If you're searching for Schizophrenia and Related Disorders treatment in Hartford, participating in a clinical research study may provide access to innovative approaches under expert medical supervision. This study is actively recruiting participants in Hartford and surrounding areas.

Clinical trials offer participants the opportunity to receive cutting-edge treatments while contributing to medical research that may help future patients with Schizophrenia and Related Disorders.
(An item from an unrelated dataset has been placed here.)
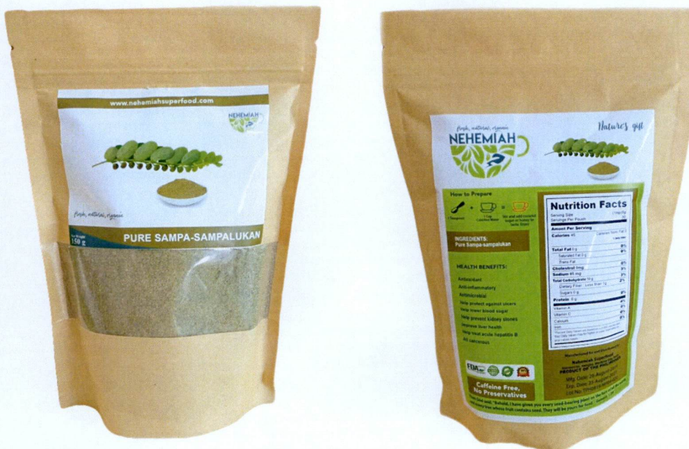
Figure 5. Unregistered NEHEMIAH Pure Sampa-sampalukan Powder

The FDA verified through post-marketing surveillance that the abovementioned food products are not authorized and the Certificates of Product Registration (CPR) have not been issued. Pursuant to the Republic Act No. 9711, otherwise known as the “Food and Drug Administration Act of 2009”, the manufacture, importation, exportation, sale, offering for sale, distribution,

All study-related care is provided at no cost to participants.

Local Sites
1 locations in Connecticut
Now Enrolling
Up to 650 participants
Quick Start
Screening available now

Why Consider a Clinical Trial for Schizophrenia and Related Disorders?

Potential Benefits

  • Access to new treatment approaches before public availability
  • Close monitoring by experienced medical professionals
  • Study-related care provided at no cost
  • Contribute to medical research for Schizophrenia and Related Disorders

What to Expect

  • Initial screening to determine eligibility
  • Regular check-ups and monitoring visits
  • Possible compensation for time and travel
  • You can withdraw at any time

Frequently Asked Questions About This Schizophrenia and Related Disorders Study

Important Clinical Trial Information

This information is provided for educational purposes and does not constitute medical advice. Clinical trial participation involves potential risks and benefits. Eligibility requirements apply and will be assessed during the screening process.

Study identifier: NCT07419321. For complete study details, visit ClinicalTrials.gov. Always consult with your healthcare provider before making decisions about your medical care or participating in clinical research.